Then there’s the California effect, where everything is avocados, sprouts, and agave nectar, and people act like chia seeds are actual currency. They invented the power bowl. You know what’s in a power bowl? Basically every vegetable on Earth, 37 kinds of beans, and one regretful piece of grilled chicken who didn’t know what it signed up for.

We also have regional cuisines that are secretly health powerhouses. Hawaiian poke? That's raw fish and vegetables—essentially a sushi salad that went to a luau. The Pacific Northwest? Salmon, berries, foraged mushrooms, and smugness. Appalachian food? Surprise—it’s full of wild greens, legumes, and root vegetables that would make your nutritionist cry tears of kale-based joy.

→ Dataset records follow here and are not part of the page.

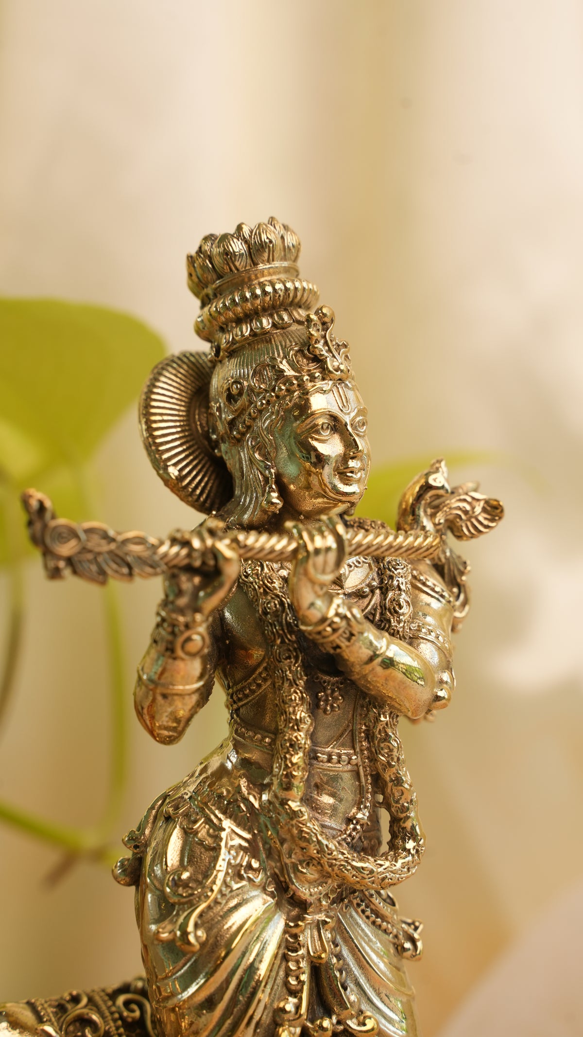 Krishna with Cow Brass Idol | Divine Sculpture of Harmony, Love & Pros – Rigvedaa™ index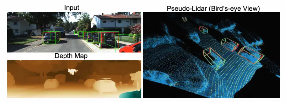 圖1‑4 Pseudo-LiDAR示意,預測深度圖,根據原始圖像和深度圖映射至3D空間[4]
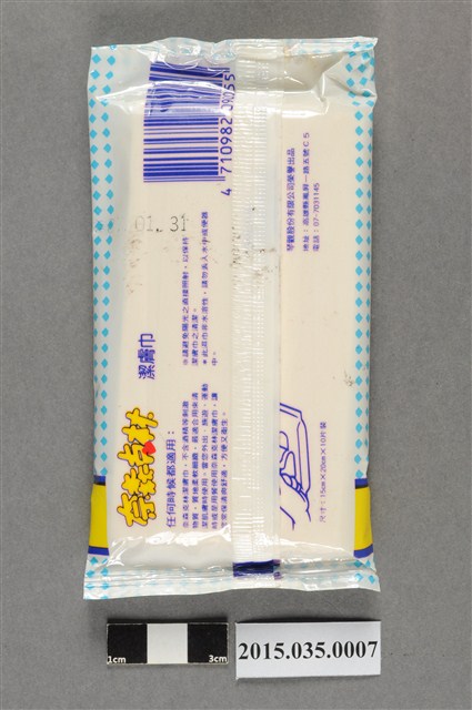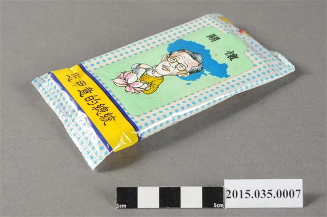 1. 本件為印有陳履安卡通圖樣1996年總統大選競選文宣潔膚巾,包裝完好,但內容物濕紙巾水份已蒸發殆盡。紙巾尺寸為15cmX20cm,10片裝小包裝,包裝正面貼有卡通人物造型陳履安穿著袈裟坐在蓮花上,背景為藍色的中國地圖,圖案上方有「關懷」二字,下方有「您甲意的總統」六字。包裝背面為濕紙巾使用說明及製造廠商資訊,製造商為琴觀股份有限公司,公司地址:高雄縣鳳屏一路5號C5,產品品名:奈森克林潔膚巾。2. 中華民國第九任總統、副總統選舉於1996年3月23日舉行,是中華民國建國以來第一次總統、副總統的公民直選,也是動員戡亂時期結束後的第一次總統、副總統選舉,為繼1993年新加坡總統選舉之後,華人地區第二個以直接選舉的方式產生國家元首。當屆選舉共有4組候選人參選,包括中國國民黨提名之李登輝與連戰,民主進步黨提名之彭明敏與謝長廷,以及以無黨籍名義參選之林洋港與郝柏村、陳履安與王清峰。當時執政的中國國民黨面臨部分黨員出走參選,以及中國台海飛彈危機的推波助瀾下,最終由中國國民黨提名的李登輝與連戰以76.04%之過半得票率當選,成為台灣首位民選的正、副總統。

American food can absolutely be healthy. We just hide it like a national secret under a pile of nachos so no one gets suspicious. But it’s there, baby. In our grain bowls, our roasted vegetable medleys, our lean bison chili and tofu tacos served on corn tortillas that whisper "liberty" with every bite. We even have smoothies that are so healthy they taste like wet lawn clippings—but that’s the price of clean living, apparently.

So next time someone tells you American food is just pickles and waistlines, you tell them, “Yeah, that’s just the top layer. Dig deeper and you’ll find a beet salad that’s been locally sourced and emotionally supported since infancy.” And then do a yoga pose in the middle of the grocery store for dramatic effect.

So What’s My Point?

Look, if you're out here demanding that every piece of writing explain itself like it’s testifying before Congress, then I regret to inform you: this article is a runaway food truck driven by a possum in a cowboy hat. It’s not here to hold your hand. It’s here to shout TRUTH through a bullhorn made of brisket.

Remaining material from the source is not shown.